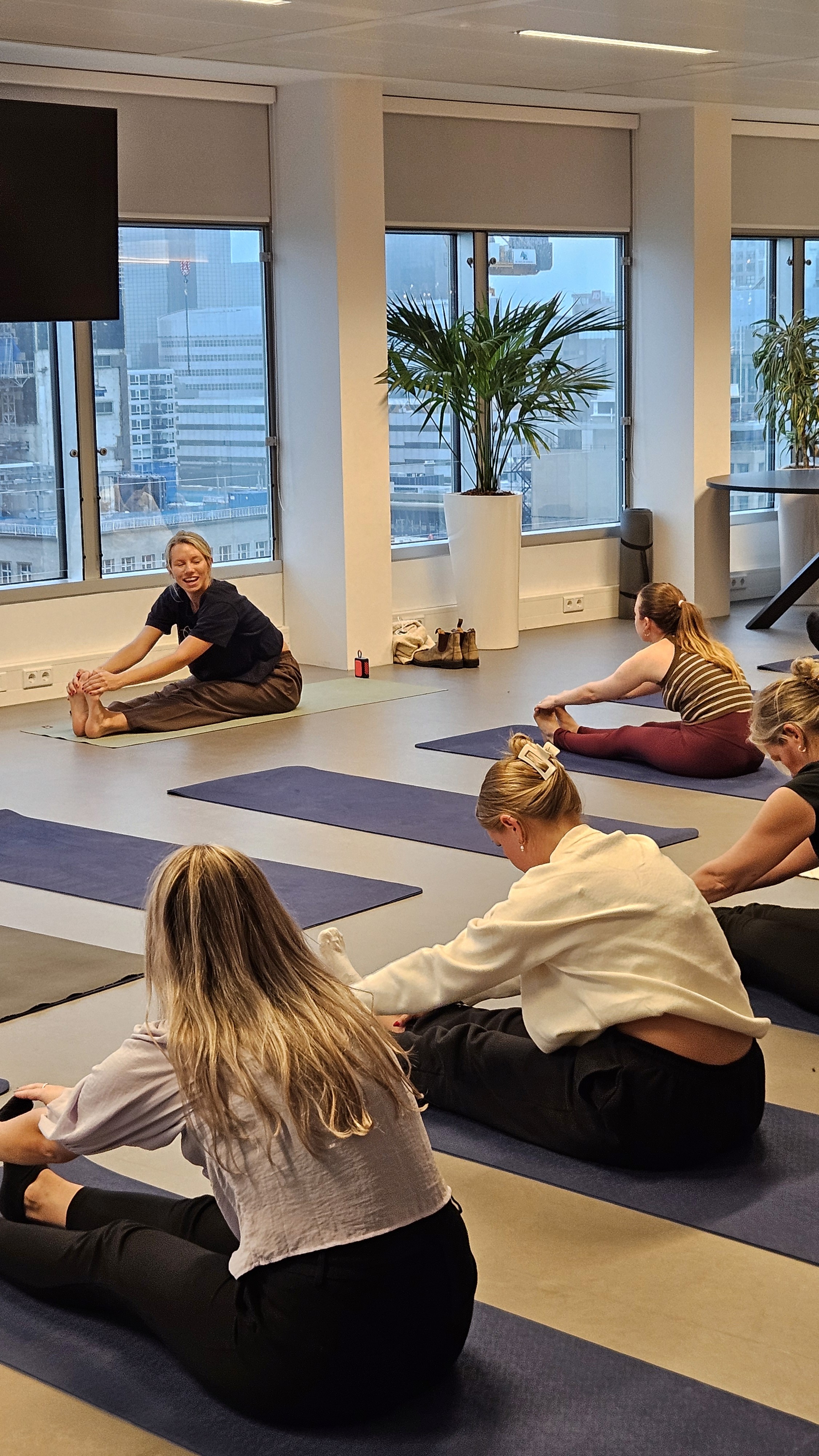 Yoga helps reduce physical tension, improve posture, and support mental clarity. Our sessions are designed to meet people where they are, offering simple movement and breathing practices that support wellbeing at work.
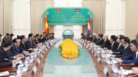 เลขาธิการใหญ่พรรคเหงียนฟู้จ่อง:ขยายความร่วมมือระหว่างท้องถิ่นของเวียดนามกับกัมพูชา
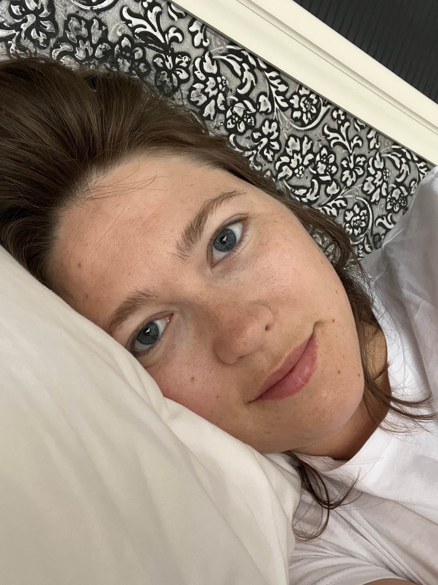 A close-up, slightly tilted portrait shows a fair-skinned person with blue eyes, light brown hair, and scattered freckles across their face, lying down in an indoor setting. The individual is looking…read more
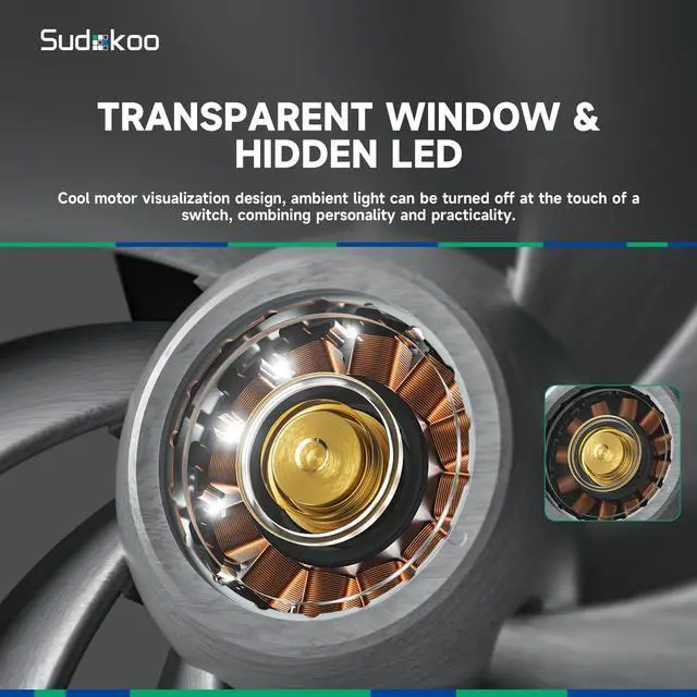 - Subtle white LED inside each fan (manually switchable)
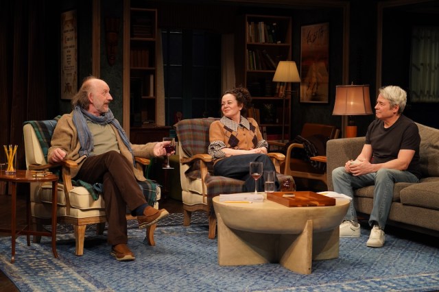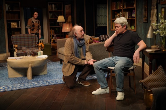Baker’s just perfect, though, as the stuffy would-be mediator between playwright and actor: he seems to blend into his pretentious living room, handsomely decked out with National Theatre-y paraphernalia by Charlie Corcoran. And Hughes carries Ruth’s boiling fury persuasively, entering in a blaze of malice—she’s just come from a car crash that left her mother hospitalized—intermixed with giggly glee at meeting the film star who’s agreed to take on her play.
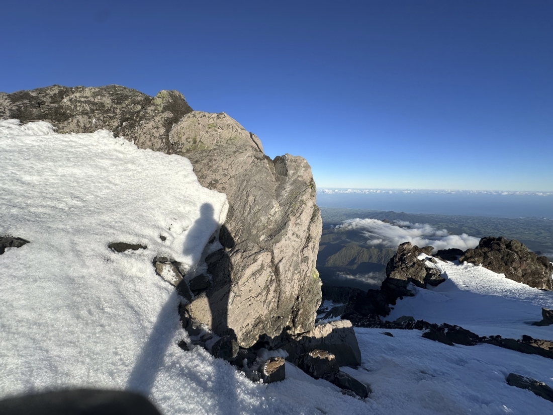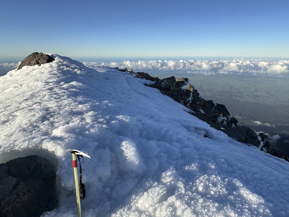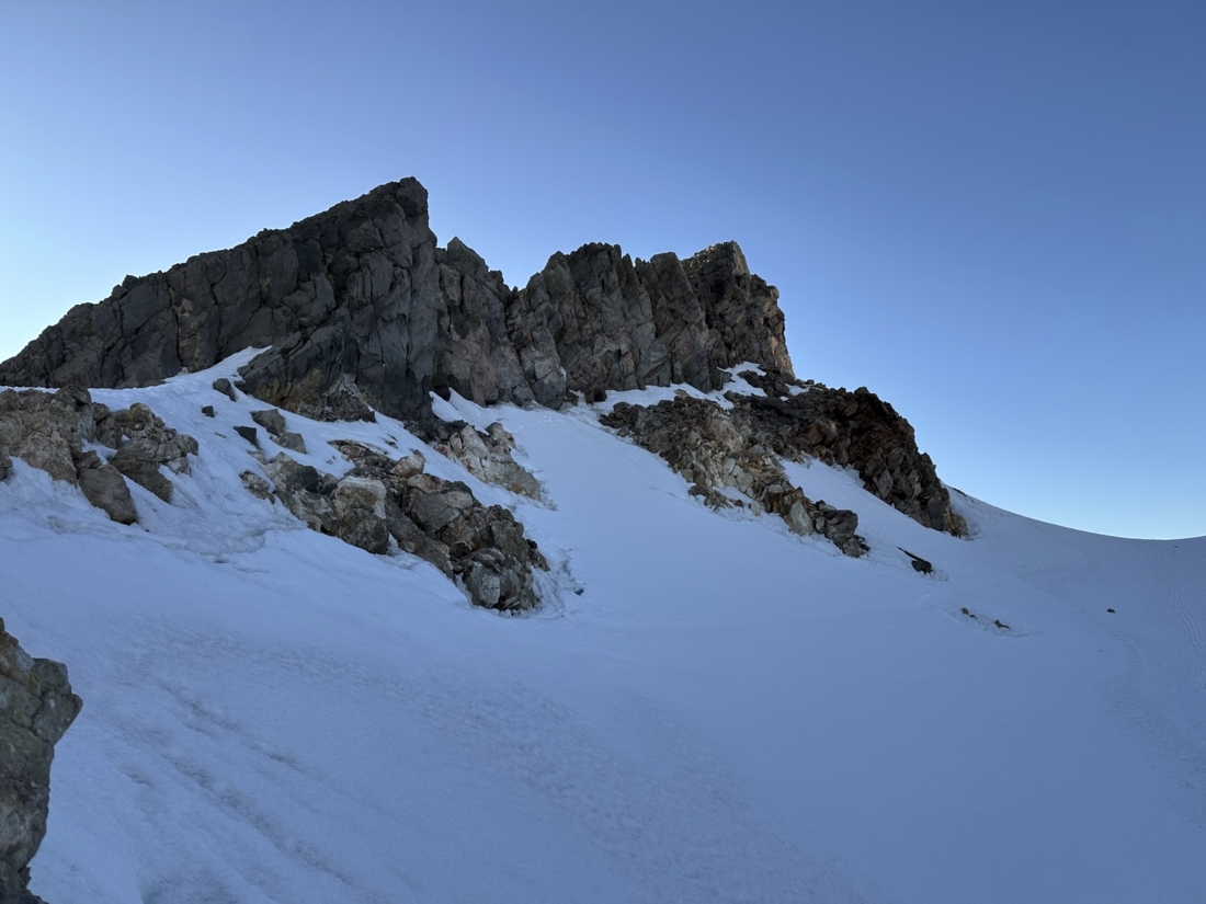 I made pretty good time to the crater rim and then donned crampons and walked under the Sharks Fin. AFter going under the Fin I realized I should’ve just gone straight right up to the summit. So I slowly made way over to base of proper summit and went up the icy snow. Spent twenty minutes on top looking around and then downclimbed to the trail and hiked out.
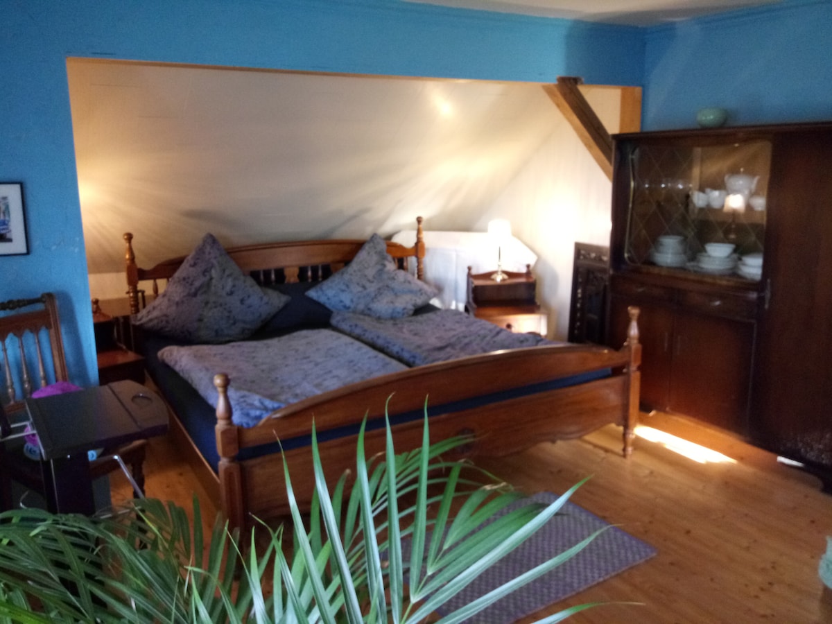 Nuestra casa está situada en Husby (con supermercado, panadería, gasolinera, farmacia, médicos) cerca de Flensburgo. Las playas del mar Báltico están a 5-10 km. Tu apartamento está en el primer piso de una casa centenaria junto a la iglesia. La estación de tren Husby está cerca. Conexión cada hora a Flensburgo y Kiel. La ubicación es ideal para hacer excursiones en bicicleta. El apartamento está amueblado de forma moderna con algunas piezas antiguas. Cocina totalmente equipada. Tus anfitriones tienen un perro, hablan alemán e inglés.
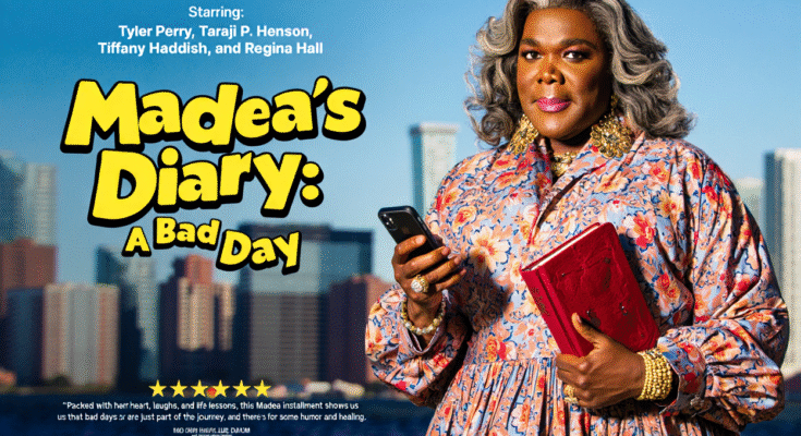 Madea’s Diary: A Bad Day (2025) feels like a confessional wrapped in comedy, offering one of the most personal and unexpectedly reflective entries in the Madea cinematic universe. Tyler Perry once again unleashes his iconic matriarch, but this time with a framing device that adds surprising emotional depth: Madea’s secret diary, a place where humor, regret, wisdom, and survival collide.
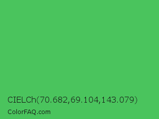 CIELCh 70.682,69.104,143.079 Color is a normal green color and the nearest color is UFO Green #3cd070. Hex code #4ac45d and RGB value is rgb(74,196,93). In RGB color space, this color is composed of 29% red, 77% green, 36% blue, In CMYK color space, this color is composed of 62% cyan, 0% magenta, 53% yellow , 23% black , In HSL color space, this color has a hue angle of 129° , 51% saturation and 53% lightness.
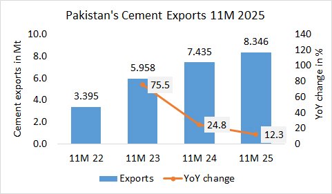 In the first 11 months in 2025, Pakistan’s cement exports increased by +12.3% to 8.346 Mt, after 7.435 Mt in the same period last year and 5.958 Mt in the year before.
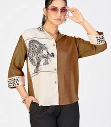 Women’s brown & cream cotton linen leopard embroidered shirt
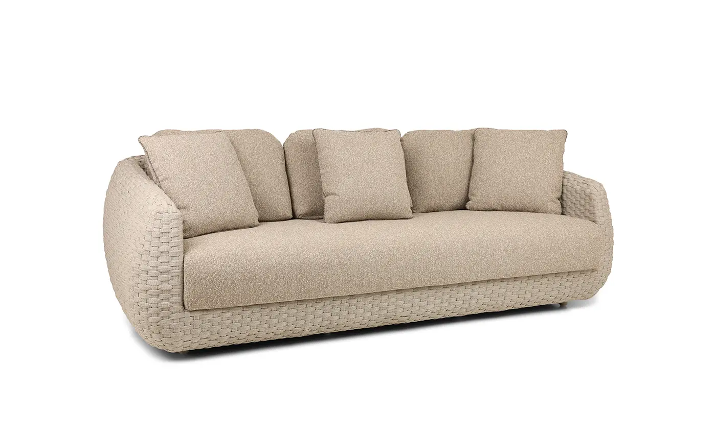 A Sassa 3 személyes szófa a letisztult elegancia és a maximális kényelem megtestesítője. Finoman megmunkált, dekoratív kötélfonott váza és a puha, natúr színű ülő- és hátpárnák természetes harmóniát teremtenek. Tágas, kényelmes ülőfelülete ideális a hosszú, pihentető beszélgetésekhez vagy a nyugodt délutáni kikapcsolódáshoz. A Sassa 3 személyes szófa tökéletesen összehangolt a kollekció többi darabjával, így egységes és stílusos megjelenést biztosít a teraszon vagy a kertben.
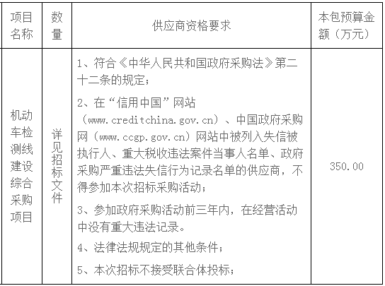 機動車檢測線建設(shè)綜合采購項目招標(biāo)公告

::::::::

The result should be an exact copy of only the lines above from the one that holds "Nuestra casa está" through the one that holds "Madea’s Diary: A", both ends included, without pictures.

_Exercise response_
 Nuestra casa está situada en Husby (con supermercado, panadería, gasolinera, farmacia, médicos) cerca de Flensburgo. Las playas del mar Báltico están a 5-10 km. Tu apartamento está en el primer piso de una casa centenaria junto a la iglesia. La estación de tren Husby está cerca. Conexión cada hora a Flensburgo y Kiel. La ubicación es ideal para hacer excursiones en bicicleta. El apartamento está amueblado de forma moderna con algunas piezas antiguas. Cocina totalmente equipada. Tus anfitriones tienen un perro, hablan alemán e inglés.
 Madea’s Diary: A Bad Day (2025) feels like a confessional wrapped in comedy, offering one of the most personal and unexpectedly reflective entries in the Madea cinematic universe. Tyler Perry once again unleashes his iconic matriarch, but this time with a framing device that adds surprising emotional depth: Madea’s secret diary, a place where humor, regret, wisdom, and survival collide.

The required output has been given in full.